= Braunstein (game) =

Tabletop wargame developed by David Wesely

Braunstein is an experimental game and game genre introduced by David Wesely, a member of the Midwest Military Simulation Association, in the late 1960s, and originally played in the Twin Cities. Braunstein was important and influential in the early history of role-playing games.

== Origins ==

=== Braunstein 1 ===

In 1969, David Wesely served as referee for a Napoleonic wargame set in the fictional German town of Braunstein. Wesely set up a multi-player, multi-objective game, in which he assigned individual roles for each player, including non-military roles. For example, he had players acting as town mayor, banker, and university chancellor. Nearly 20 players showed up for the game, which was more than anticipated, and each player was assigned a role in the town of Braunstein. The players were originally supposed to communicate with the referee in a separate room.

Unexpectedly, the players began using their characters to talk to one another, and traveled around the town of Braunstein. When two players unexpectedly challenged each other to a duel, Wesely found it necessary to improvise rules for the encounter on the spot. Though Wesely thought the results were chaotic and the experiment a failure, the other players enjoyed the role playing aspect and asked him to run another game.

=== Braunstein 2-4 ===

Wesely subsequently invented a new role playing scenario in which players attempt to stage or avert a coup in a small Latin American republic – the perpetually unstable nation of Banania. He and Dave Arneson, another member of the MMSA, took turns acting as the referee for repeated stagings of this scenario, which was also known as a 'Braunstein'; Arneson took over as referee after Wesely left for service in the Army.

== Inspirations ==

Wesely's Braunstein drew inspiration from Diplomacy, a game requiring players to negotiate in between turns. The idea of a referee was derived from Strategos: The American Game of War (1880), by Charles Totten. Totten's book also inspired Wesely with the idea of playing with a game master who would create the scenario for the battle used in the game. Wesely discovered the idea of "n-player" strategy games from The Compleat Strategist (1954) by J.D. Williams. Wesely also read and cited as influential, Conflict and Defense: A General Theory (1962), by Kenneth E. Boulding.

== Influence ==

=== Role-playing games ===

Braunstein contributed to the development of role-playing games by introducing a one-to-one identification of player and character, and open-ended rules allowing the players to attempt any action, with the result of the action determined by the referee.

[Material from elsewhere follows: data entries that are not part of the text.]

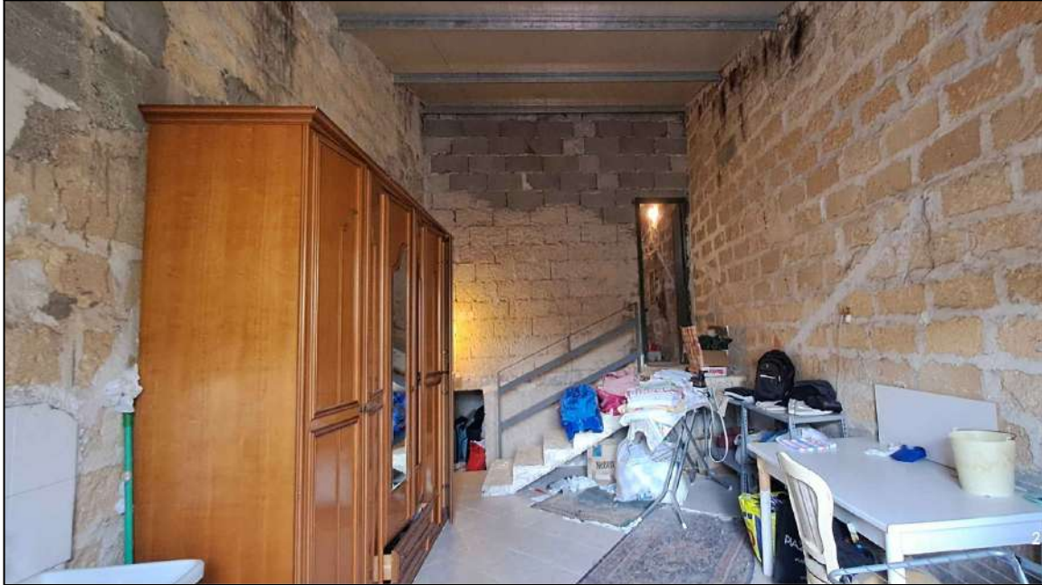
piano secondo in fase di definizione , lato Giacomo Matteotti
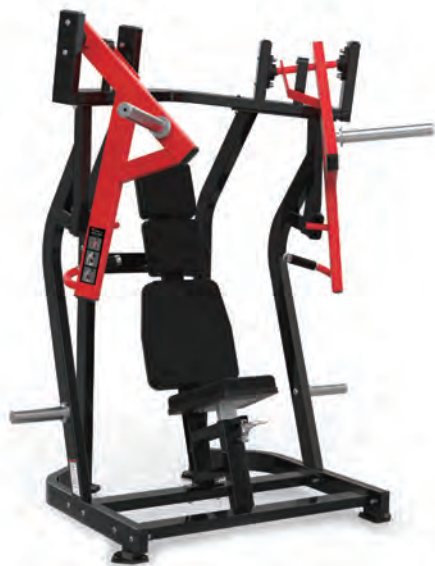
HS (RS) LINE
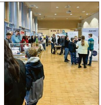
Auf der Berufsmesse lernten die Jugendlichen Ausbildungsmöglichkeiten in ihrer Region kennen.

Wir als Evangelisches Schulzentrum hoffen, unseren Schülerinnen und Schülern mit diesem Projekt bei der Suche nach ihrem Traumberuf zu helfen und ihnen konkrete Perspektiven für die Zukunft aufzuzeigen. Seit Februar läuft nun der »Tag in der Praxis« an unserer Schule, und viele Schüler und Schülerinnen äußerten sich in den ersten Feedbackgesprächen im BO-Unterricht sehr positiv.
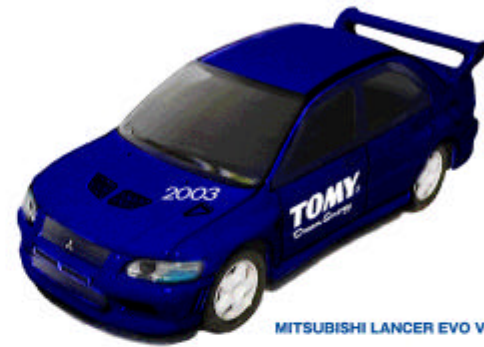
MITSUBISHI LANCER EVO VII
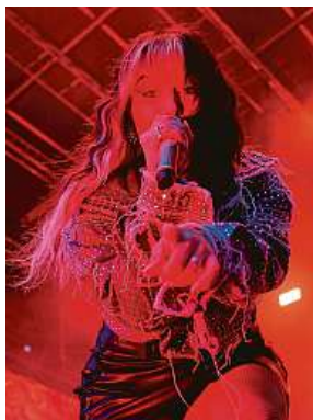
Ewa Farna vyprodala stadion Eden rok dopředu.

Světové legendy, stadionové show i domácí stálice. Nabídka koncertů v Česku slibuje mimořádně silný hudební rok.
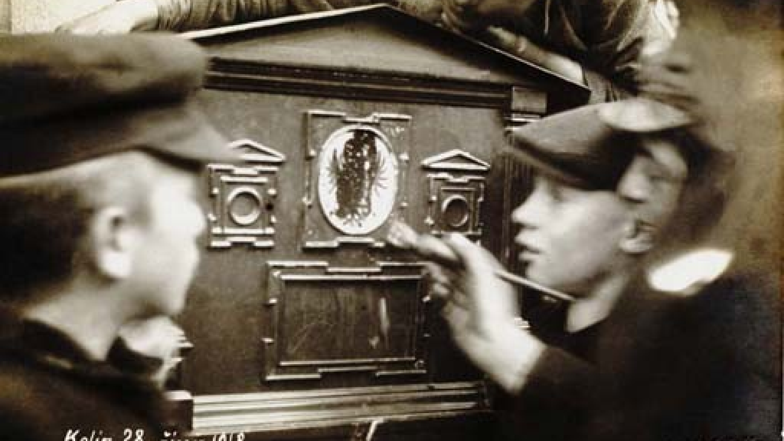
Kalin 28 51/1018
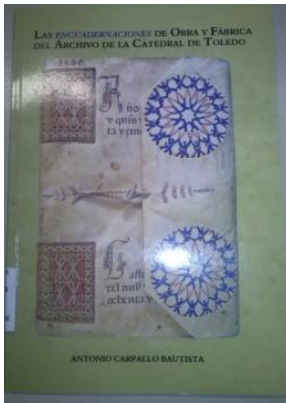
Portada del llibre: CARPALLO BAUTISTA, A., Las encuadernaciones de Obra y Fábrica del Archivo de la Catedral de Toledo , Cabildo Primado: Instituto Teológico San Ildefonso: Diputación Provincial, Toledo, 2010.

Cal assenyalar que l'antiguitat d'aquestes sèries varien segons cada arxiu capitular, ara bé la majoria d'elles s'inicia al s. XIV, sent la sèrie de fàbrica de la catedral de València de les més antigues.
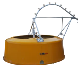
Figaro / Figarino

промежуточная система хранения кабеля, во избежание укладки «восьмёркой»
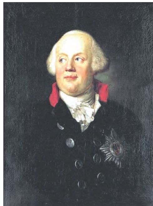
Koning Frederik Willem II van Pruisen (1744-1797) Olieverfschilderij van Anton Graf.

De mislukte expeditie van de Prinses had verstrekkende gevolgen, omdat koning Frederik Willem II van Pruisen zich het lot van zijn zuster aantrok. Deze in 1744 te Berlijn geboren neef en opvolger van Frederik de Grote gaf er blijk van goed op de hoogte te zijn van de internationale situatie toen hij inschatte dat de Fransen geen steun zouden verlenen aan de Patriotten. Dat bracht hem ertoe op 8 september 1787 per ultimatum genoegdoening te verlangen van de Staten van Holland. De Staten reageerden niet, waarop de koning van Pruisen besloot tot militair ingrijpen.
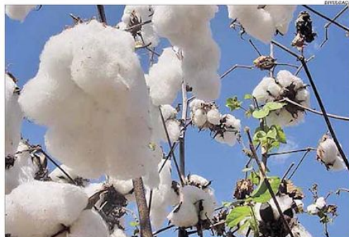
A valorização da pluma do algodão não era esperada e surpreendeu o setor no Estado

A alta foi uma surpresa para o segmento, que estima uma produção de 65 mil toneladas de pluma para a safra atual, sendo 50% dela voltada à exportação. O principal destino é o mercado asiático, com destaque para a China, Vietnã, Bangladesh, Indonésia e Turquia. Pág. 8
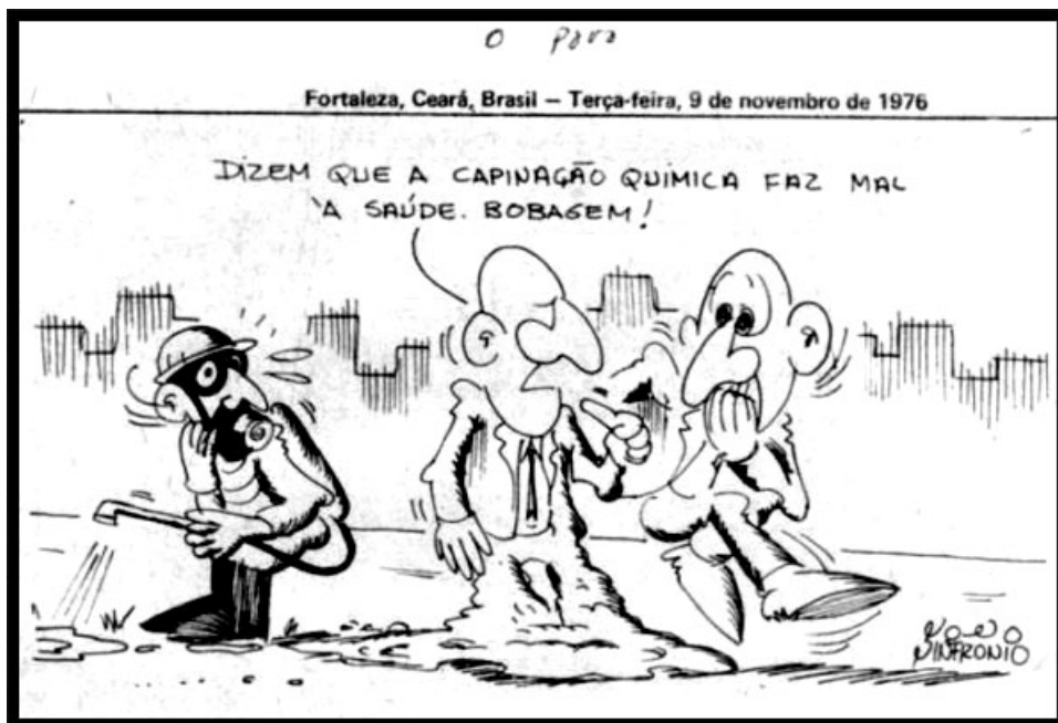
Figura 1. Charge sobre aplicação do herbicida. O Povo, dia 09.11.1976.

Esta charge apresenta uma senhora, dona de casa, de classe social popular, que, consultada a respeito da capinação química, demonstra preocupações com o destino do capim que se transforma em lixo, depois de aplicado o produto. A imagem traz a observação sobre a produção de resíduos, chama a atenção para o percentual do produto exposto ou absorvido pelo solo, podendo contaminar o lençol freático ou outras vias de contaminação. Ainda neste quadro pode-se observar a expressão de surpresa do pesquisador alerta que, provavelmente, não foi informado do processo de capinação.
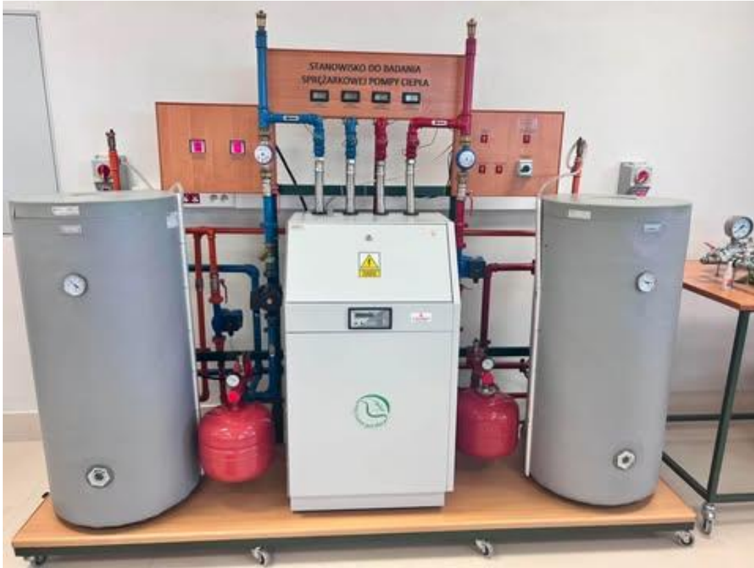
Rys. 1. Stanowisko demonstracyjne sprężarkowej pompy ciepła wykorzystywane w ćwiczeniu.
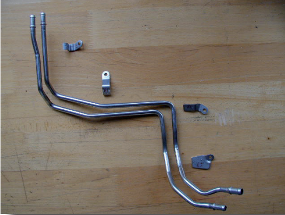
零件，经过复杂弯曲的管道
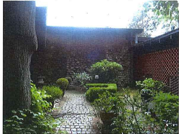
Foto 9: Voortuinaanleg en toegangspad tot de voordeur, zicht naar de noordgevel van de living.
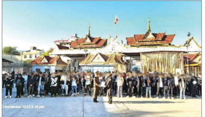
တရားမဝင် ဝင်ရောက်နေထိုင်သူများနှင့် တရားမဝင်အွန်လိုင်းလောင်းကစားနှင့် ငွေကြေးလိမ်လည်မှု လုပ်ငန်းများမှ ဖမ်းဆီးရရှိသူများအား သက်ဆိုင်ရာနိုင်ငံများသို့ ပြန်လည်လွှဲပြောင်းပေးအပ်စဉ်။

မြန်မာနိုင်ငံအစိုးရအနေဖြင့် အွန်လိုင်းလိမ်လည် လောင်းကစားမှုများ ကျူးလွန်မှုများကို နိုင်ငံတကာ နှင့်ပူးပေါင်း၍ တင်းတင်းကျပ်ကျပ် ပြတ်ပြတ်
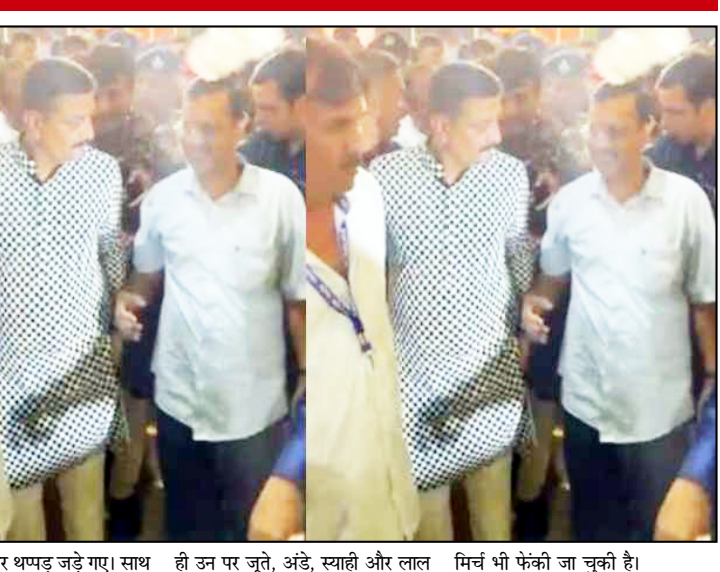
तक उन्हें कई बार थपड़ जड़े गए। साथ ही उन पर जूते, अंडे, स्याही और लाल मिर्च भी फेंकी जा चुकी है।

यह पहला मौका नहीं है, जब केजरीवाल पर सार्वजनिक तौर पर हमला हुआ हो। 2014 से लेकर अब तक उन्हें कई बार थपड़ जड़े गए। साथ ही उन पर जूते, अंडे, स्याही और लाल मिर्च भी फेंकी जा चुकी है।
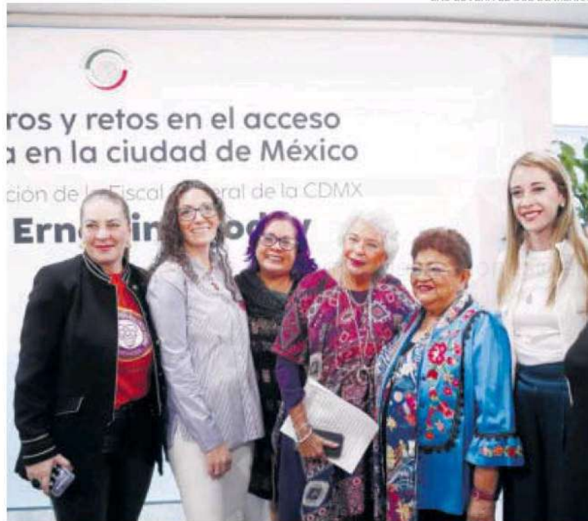
La ciudadanía asegura que Ernestina Godoy ha politizado la justicia.
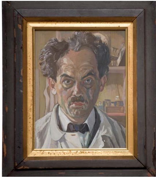
Selbstbildnis, Reinhold Nägele 1930
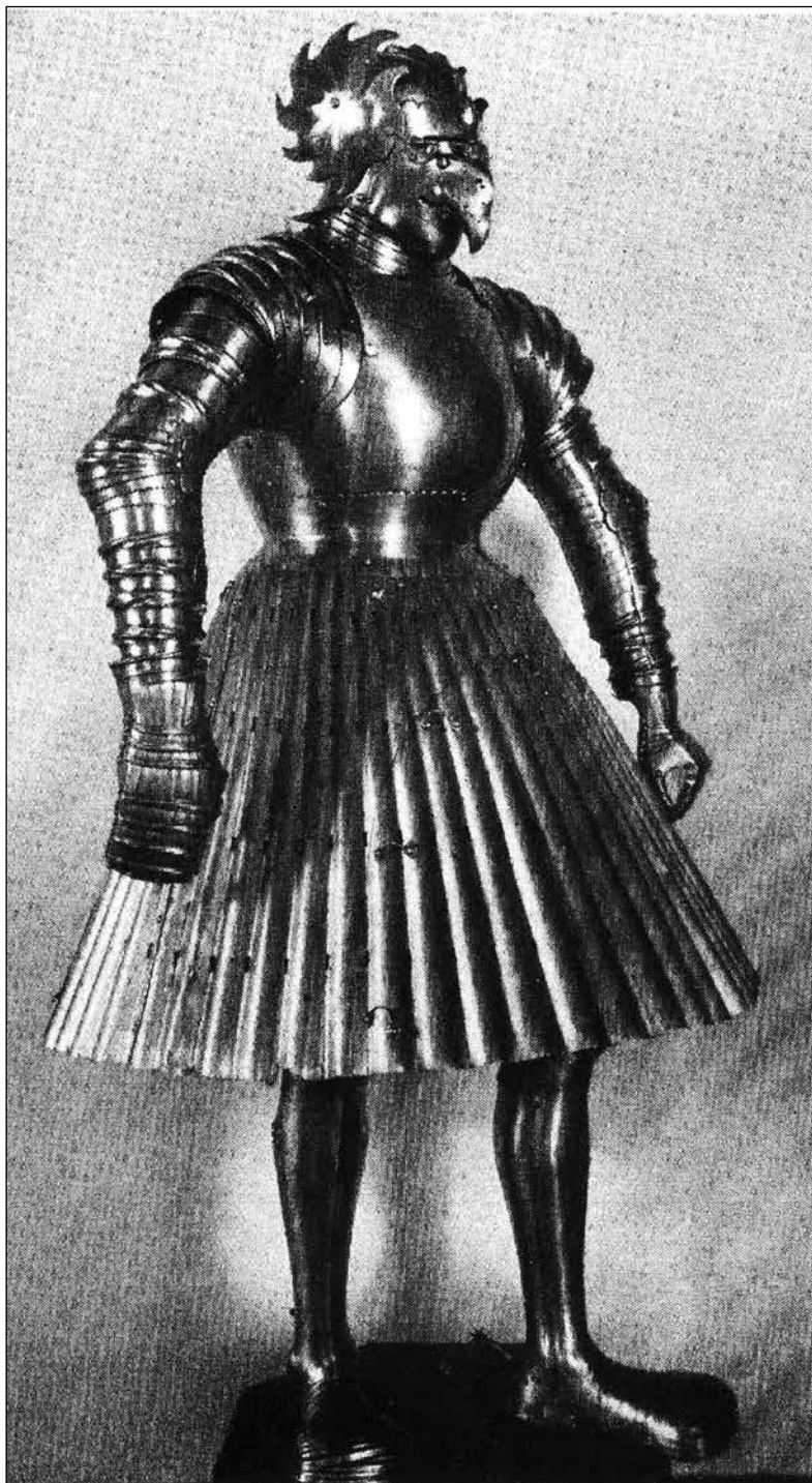
Ryc. 14. Zbroja Albrechta Hohenzollerna powstała w warsztacie brunswickim, wg Cieśla 2015, ryc. 4
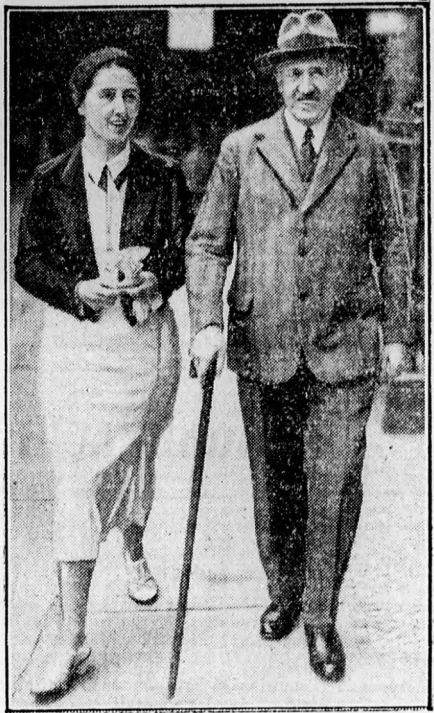
Schleicher tábornok vidám sétája feleségével kancellárrá való kinevezése reggelén.
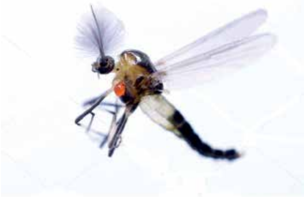
Ryc. 4. Samiec Tanytarsus gracilentus .

A co dalej się dzieje z tak wysoką biomasą Tanytarsus ? Zarówno larwy zasiedlające dno i martwe osobniki dorosłe już po reprodukcji, zalegające na powierzchni
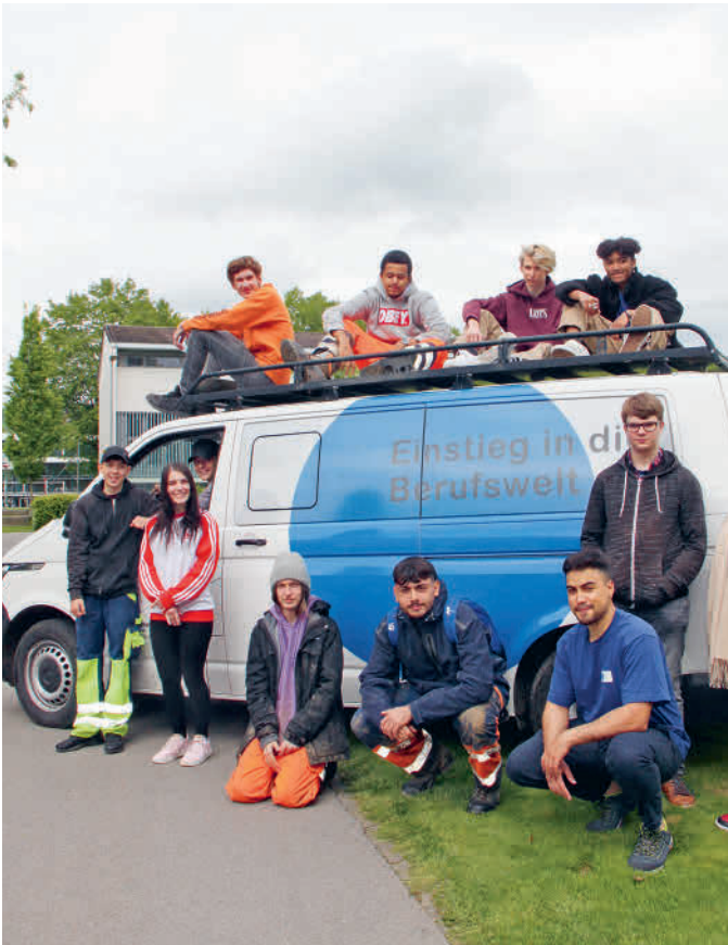
Einstieg in die Berufswelt – Programm 28-2020

Trotz erschwerten Bedingungen konnten Teilnehmende, die bis zum Schluss mitzogen, eine passende Anschlusslösung realisieren.
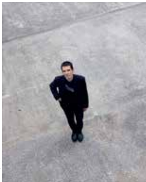
Lescop © Mathieu Tessier

The role-playing game concepts Wesely introduced were further developed by Duane Jenkins in his old west "Brownstone" setting and by Dave Arneson in his Blackmoor setting and later in the Dungeons & Dragons game to which Arneson was a contributing author.

=== Brownstone ===

In October 1970, Wesely, who had enrolled in Army ROTC at the University of Kansas, was commissioned 2nd Lieutenant and ordered to active duty. Arneson continued to run Braunstein and invent new scenarios. Duane Jenkins, another gamer in the MMSA, created a series of "wild west Braunsteins" set in "Brownstone Texas" in which Arneson played the recurring role of a Mexican bandit leader named "El Pauncho".

The "Brownstone" games introduced the concept of giving the players their own "player characters" with a history that they could develop from game to game, rather than starting over each time the game was played. In those early Braunsteins the setting was replayed with the events of the previous games having been part of the current game's history. With Brownstown, the city had been so wrecked by the players actions in the previous game they created a new city but with the same characters, thus creating the first role-playing campaign.

=== Blackmoor ===

In 1971, Arneson developed a Braunstein set in a fantasy world called "The Northern Marches" including the "Barony of Blackmoor". For this campaign he brought together ideas from such disparate sources as The Lord of the Rings novels and the Dark Shadows horror soap opera. Arneson initially described his Blackmoor game as a "medieval Braunstein," featuring "mythical creatures."

In a 1981 interview published in Pegasus magazine, Dave Arneson described Wesely's Braunstein as a game in which each player had a "role" that they were playing. He also described his Blackmoor game as a variation of Dave Wesely's earlier Braunstein, based on Wesely's ideas about role-playing, but set in a fantasy world. Unlike the original Braunstein scenarios, the Blackmoor game and setting were meant for campaign play with an endless series of progressions. Peterson cites Arneson's Blackmoor game as being the most significant precursor to Dungeons & Dragons.

In this precursor to Dungeons & Dragons, players' recurring characters adventured in the fantasy setting of the Barony of Blackmoor, including exploring the monster and treasure filled dungeons underneath "Castle Blackmoor", which was inspired by a plastic model kit of Branzoll Castle in Italy.